Prompt: Return only the lines below starting at the line containing "Сдача Ульма: Бонапарт" and ending at the line containing "El Ángel de", both included, exactly as they are and with no pictures.

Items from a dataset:
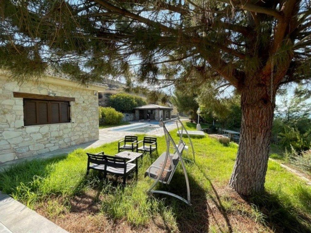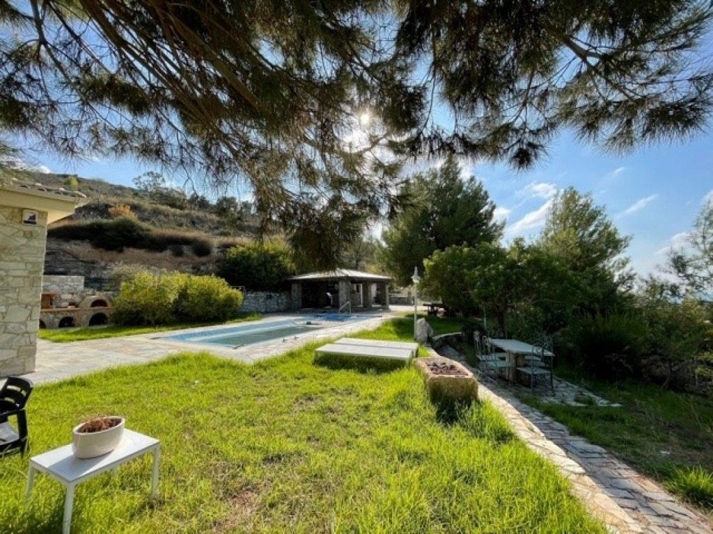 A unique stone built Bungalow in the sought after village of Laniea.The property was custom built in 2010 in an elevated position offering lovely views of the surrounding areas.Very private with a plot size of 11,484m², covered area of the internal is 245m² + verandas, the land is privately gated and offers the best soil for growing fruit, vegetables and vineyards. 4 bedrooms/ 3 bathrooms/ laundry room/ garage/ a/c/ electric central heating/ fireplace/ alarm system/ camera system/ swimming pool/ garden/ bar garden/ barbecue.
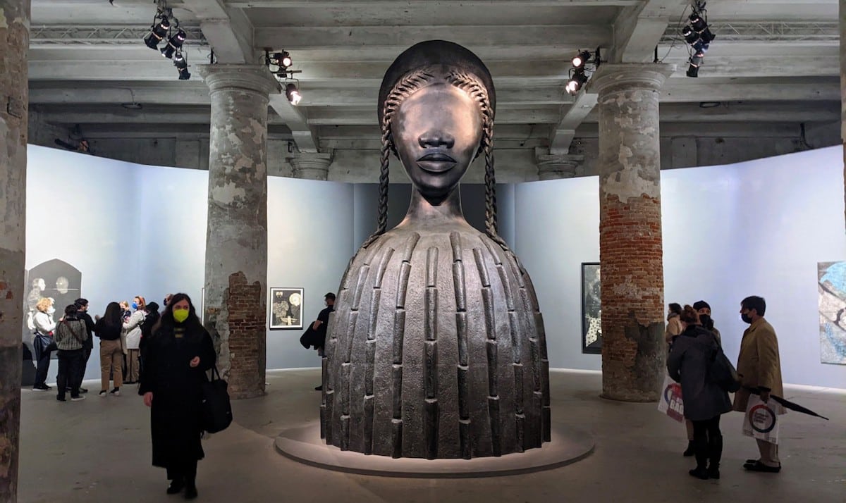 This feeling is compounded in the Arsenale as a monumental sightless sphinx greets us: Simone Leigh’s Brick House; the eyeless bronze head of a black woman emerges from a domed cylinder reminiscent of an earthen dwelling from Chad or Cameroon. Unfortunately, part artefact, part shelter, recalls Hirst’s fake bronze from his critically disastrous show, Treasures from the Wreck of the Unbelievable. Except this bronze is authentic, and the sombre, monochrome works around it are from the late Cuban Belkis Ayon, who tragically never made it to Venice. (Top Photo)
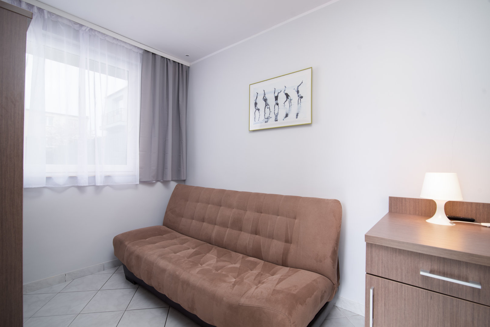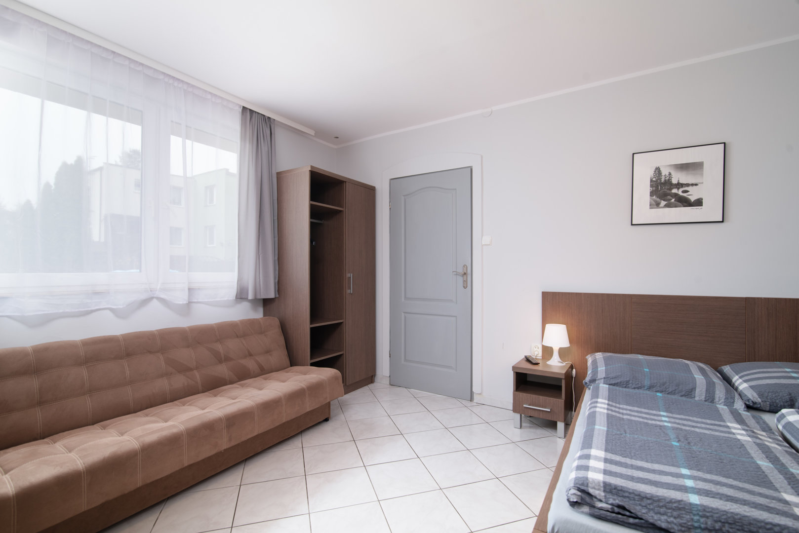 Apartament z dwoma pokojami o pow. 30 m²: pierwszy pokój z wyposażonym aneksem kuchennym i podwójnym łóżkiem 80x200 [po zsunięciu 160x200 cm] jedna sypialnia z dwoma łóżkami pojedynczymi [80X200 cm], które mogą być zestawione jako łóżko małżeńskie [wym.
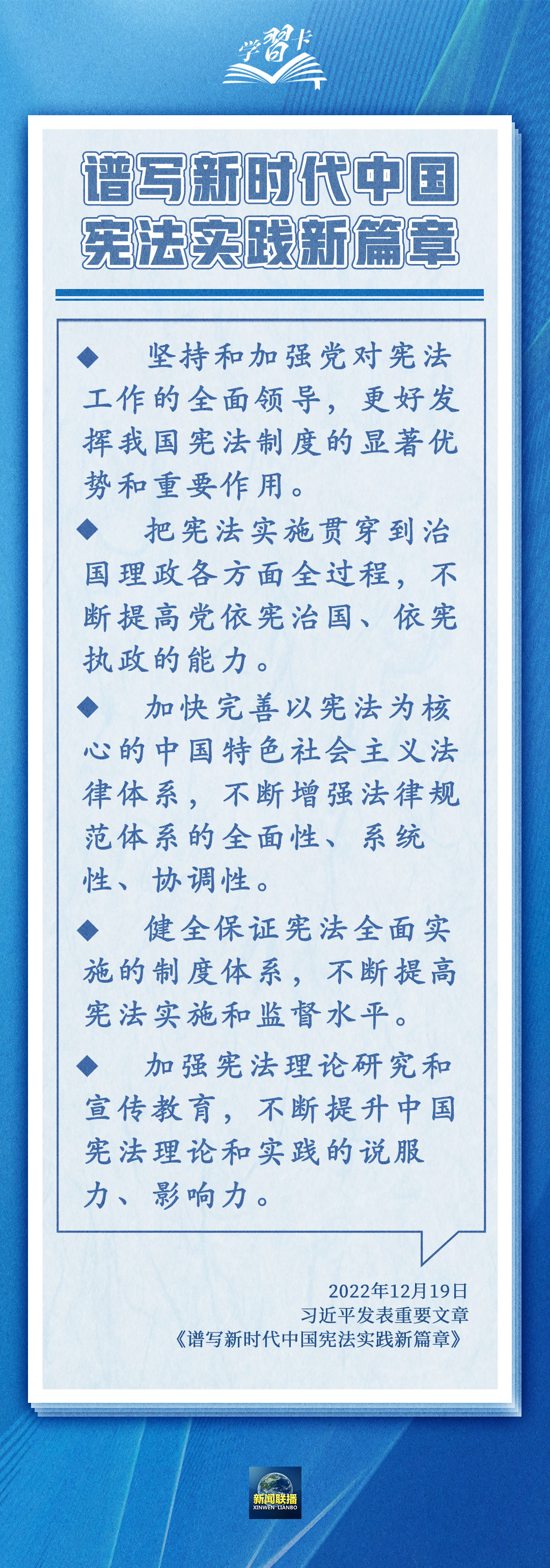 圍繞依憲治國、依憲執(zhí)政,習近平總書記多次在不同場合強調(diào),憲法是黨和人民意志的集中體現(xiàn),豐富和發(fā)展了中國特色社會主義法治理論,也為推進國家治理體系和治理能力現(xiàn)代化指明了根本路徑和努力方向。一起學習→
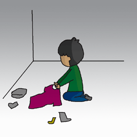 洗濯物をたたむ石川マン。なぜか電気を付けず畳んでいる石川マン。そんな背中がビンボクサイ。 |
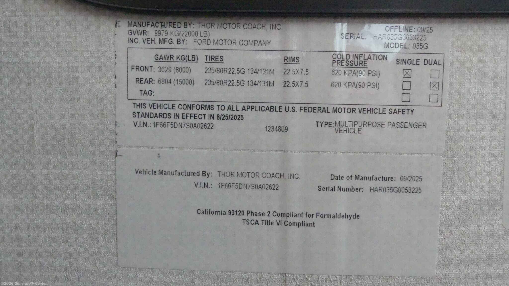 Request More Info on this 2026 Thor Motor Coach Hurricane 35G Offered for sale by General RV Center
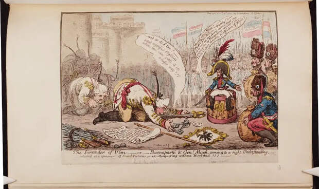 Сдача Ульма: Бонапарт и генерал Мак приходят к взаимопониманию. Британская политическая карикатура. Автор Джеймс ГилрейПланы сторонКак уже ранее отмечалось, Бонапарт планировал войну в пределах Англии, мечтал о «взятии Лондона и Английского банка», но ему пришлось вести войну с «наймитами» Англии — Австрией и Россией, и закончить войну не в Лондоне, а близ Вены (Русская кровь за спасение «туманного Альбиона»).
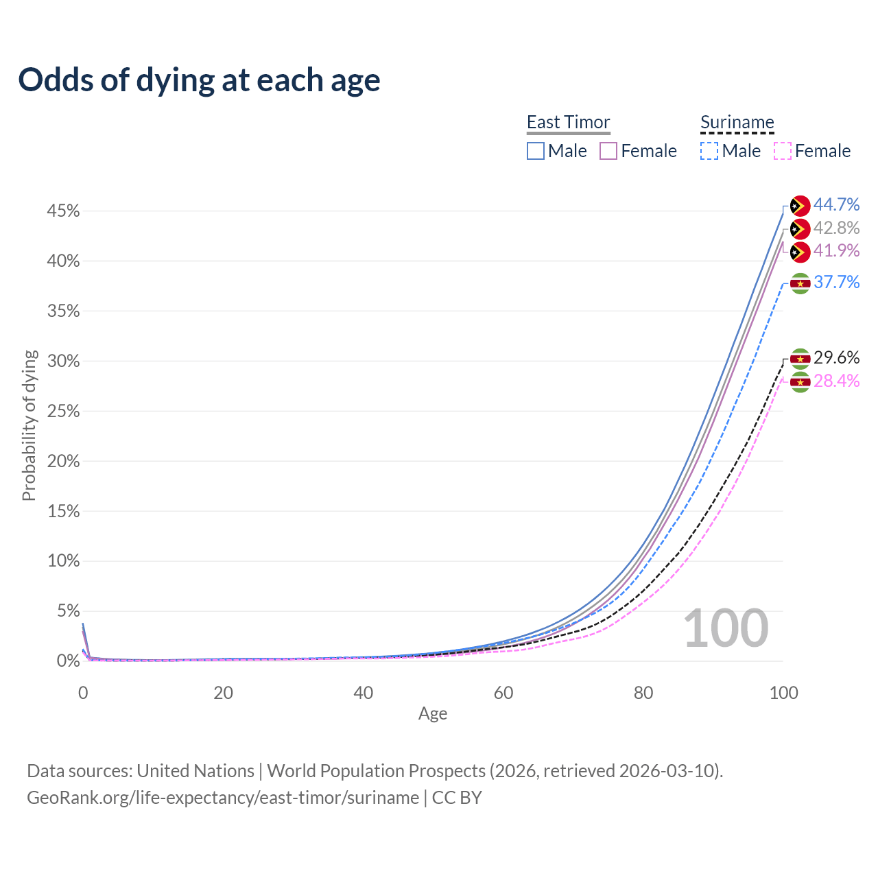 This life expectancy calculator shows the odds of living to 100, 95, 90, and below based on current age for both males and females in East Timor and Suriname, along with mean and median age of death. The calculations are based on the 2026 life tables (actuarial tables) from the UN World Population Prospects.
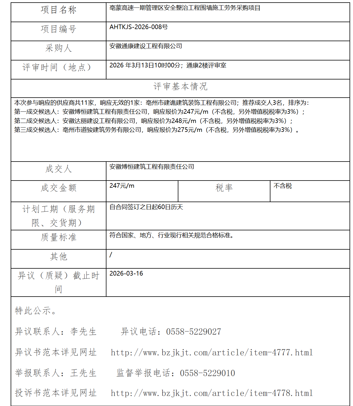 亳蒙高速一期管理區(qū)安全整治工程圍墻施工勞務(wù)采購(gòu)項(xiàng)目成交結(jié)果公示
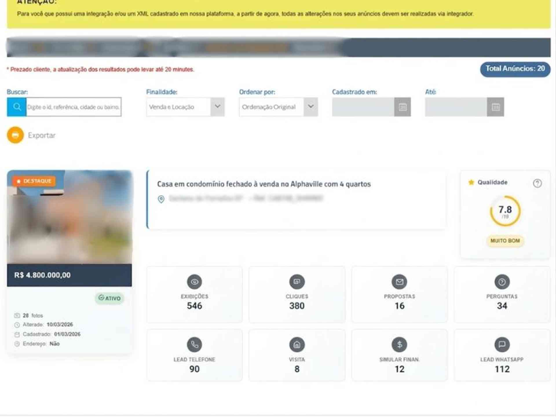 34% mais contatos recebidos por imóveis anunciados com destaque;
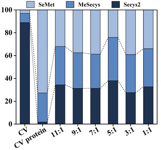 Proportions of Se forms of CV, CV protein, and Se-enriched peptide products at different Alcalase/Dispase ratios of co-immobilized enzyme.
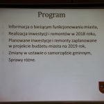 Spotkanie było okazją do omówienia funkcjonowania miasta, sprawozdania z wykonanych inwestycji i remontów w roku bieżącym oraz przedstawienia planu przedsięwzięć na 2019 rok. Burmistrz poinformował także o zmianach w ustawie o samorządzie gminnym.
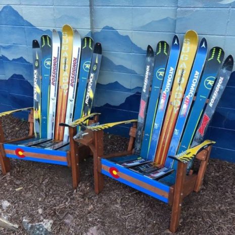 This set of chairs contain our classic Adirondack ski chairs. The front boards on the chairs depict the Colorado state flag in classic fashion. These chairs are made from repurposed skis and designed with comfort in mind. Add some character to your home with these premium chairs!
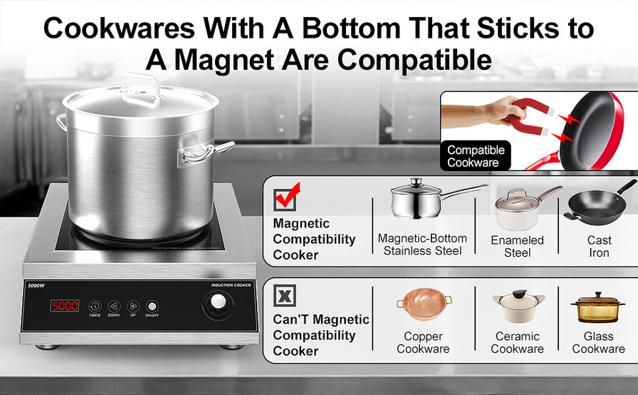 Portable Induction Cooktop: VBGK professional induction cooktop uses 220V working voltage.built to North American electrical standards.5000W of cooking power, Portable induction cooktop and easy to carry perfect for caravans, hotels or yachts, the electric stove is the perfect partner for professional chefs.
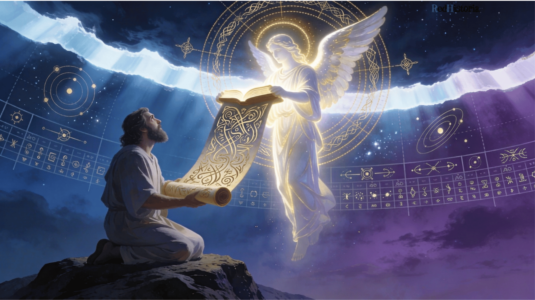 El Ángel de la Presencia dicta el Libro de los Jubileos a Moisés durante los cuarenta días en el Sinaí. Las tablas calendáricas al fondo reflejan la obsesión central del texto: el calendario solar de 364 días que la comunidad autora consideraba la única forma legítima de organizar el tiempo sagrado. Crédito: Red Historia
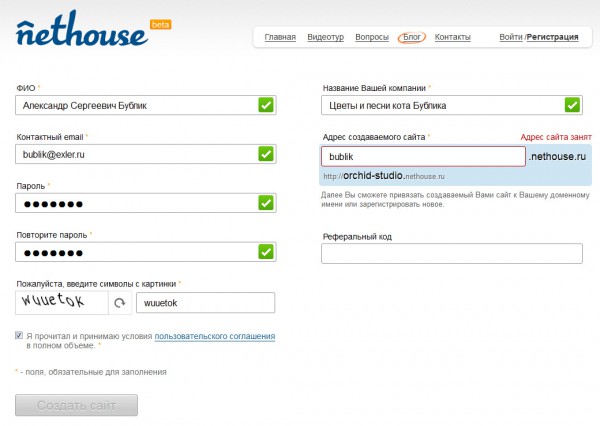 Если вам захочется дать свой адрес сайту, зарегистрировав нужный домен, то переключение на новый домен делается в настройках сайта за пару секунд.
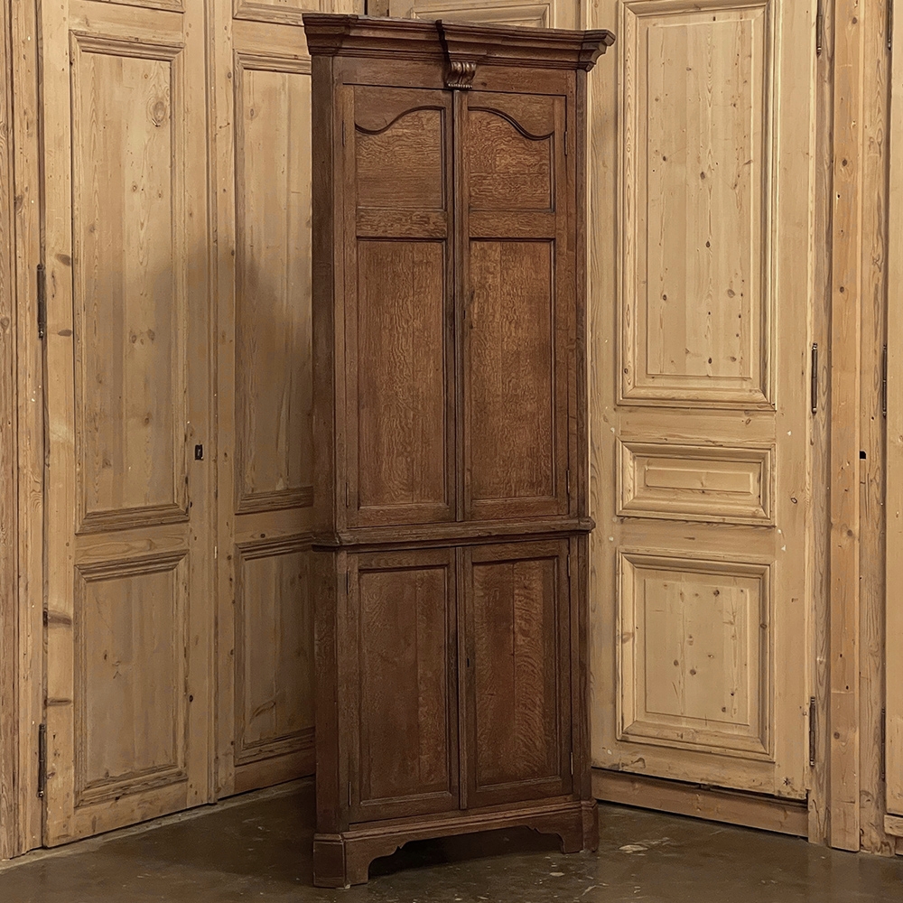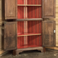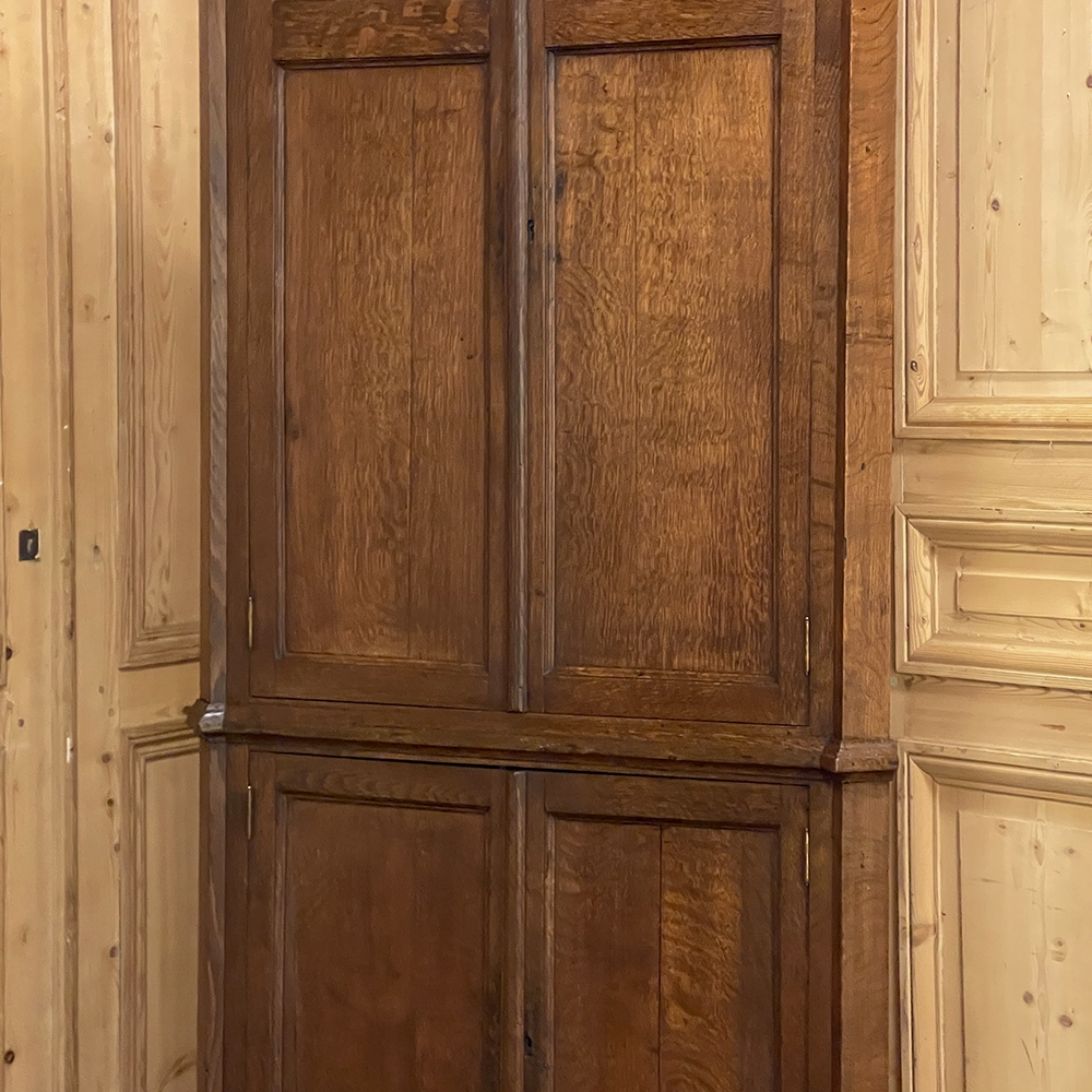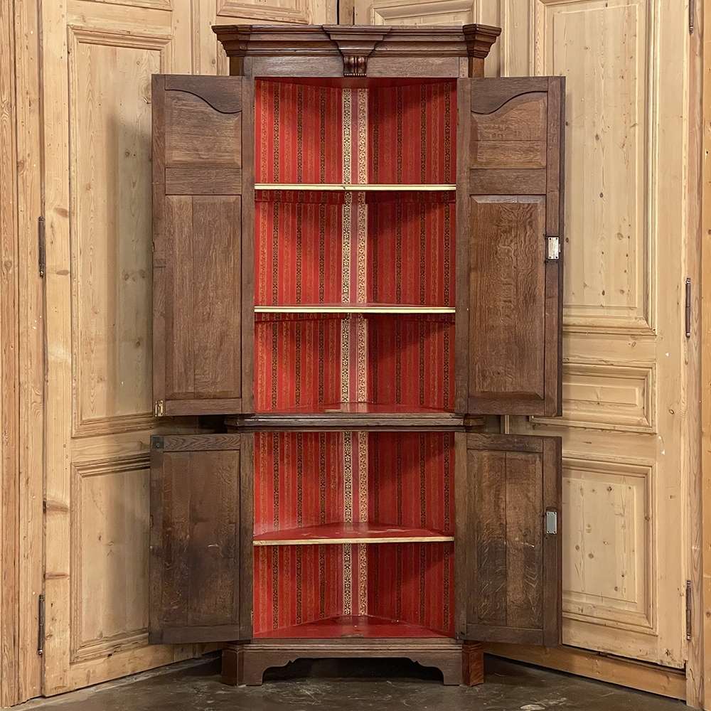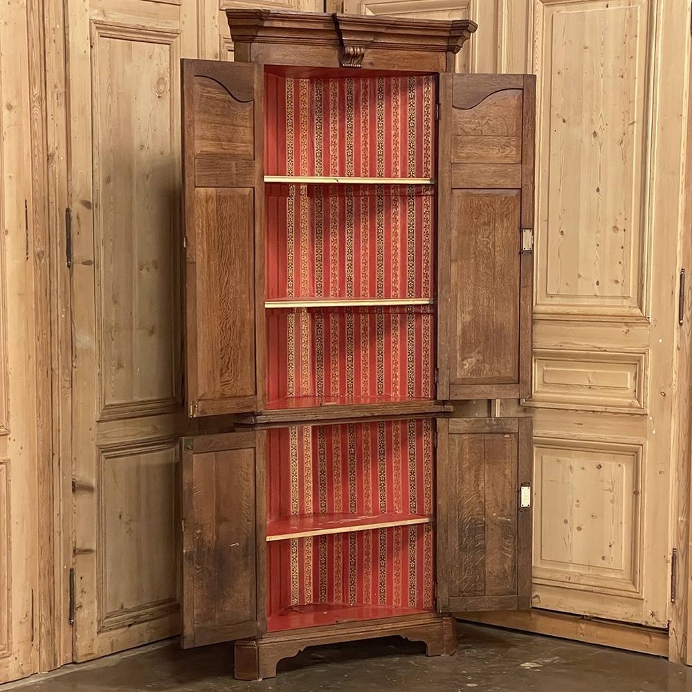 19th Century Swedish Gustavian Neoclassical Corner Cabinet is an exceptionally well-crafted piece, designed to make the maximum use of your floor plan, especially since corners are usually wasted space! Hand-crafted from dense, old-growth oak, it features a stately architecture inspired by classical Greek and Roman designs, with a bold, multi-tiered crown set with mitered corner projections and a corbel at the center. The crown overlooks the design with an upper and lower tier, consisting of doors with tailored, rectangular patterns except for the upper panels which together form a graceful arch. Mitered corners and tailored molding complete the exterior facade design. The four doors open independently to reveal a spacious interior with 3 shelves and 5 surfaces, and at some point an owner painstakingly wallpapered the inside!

Output of the task:
 Сдача Ульма: Бонапарт и генерал Мак приходят к взаимопониманию. Британская политическая карикатура. Автор Джеймс ГилрейПланы сторонКак уже ранее отмечалось, Бонапарт планировал войну в пределах Англии, мечтал о «взятии Лондона и Английского банка», но ему пришлось вести войну с «наймитами» Англии — Австрией и Россией, и закончить войну не в Лондоне, а близ Вены (Русская кровь за спасение «туманного Альбиона»).
 This life expectancy calculator shows the odds of living to 100, 95, 90, and below based on current age for both males and females in East Timor and Suriname, along with mean and median age of death. The calculations are based on the 2026 life tables (actuarial tables) from the UN World Population Prospects.
 亳蒙高速一期管理區(qū)安全整治工程圍墻施工勞務(wù)采購(gòu)項(xiàng)目成交結(jié)果公示
 34% mais contatos recebidos por imóveis anunciados com destaque;
 Proportions of Se forms of CV, CV protein, and Se-enriched peptide products at different Alcalase/Dispase ratios of co-immobilized enzyme.
 Spotkanie było okazją do omówienia funkcjonowania miasta, sprawozdania z wykonanych inwestycji i remontów w roku bieżącym oraz przedstawienia planu przedsięwzięć na 2019 rok. Burmistrz poinformował także o zmianach w ustawie o samorządzie gminnym.
 This set of chairs contain our classic Adirondack ski chairs. The front boards on the chairs depict the Colorado state flag in classic fashion. These chairs are made from repurposed skis and designed with comfort in mind. Add some character to your home with these premium chairs!
 Portable Induction Cooktop: VBGK professional induction cooktop uses 220V working voltage.built to North American electrical standards.5000W of cooking power, Portable induction cooktop and easy to carry perfect for caravans, hotels or yachts, the electric stove is the perfect partner for professional chefs.
 El Ángel de la Presencia dicta el Libro de los Jubileos a Moisés durante los cuarenta días en el Sinaí. Las tablas calendáricas al fondo reflejan la obsesión central del texto: el calendario solar de 364 días que la comunidad autora consideraba la única forma legítima de organizar el tiempo sagrado. Crédito: Red Historia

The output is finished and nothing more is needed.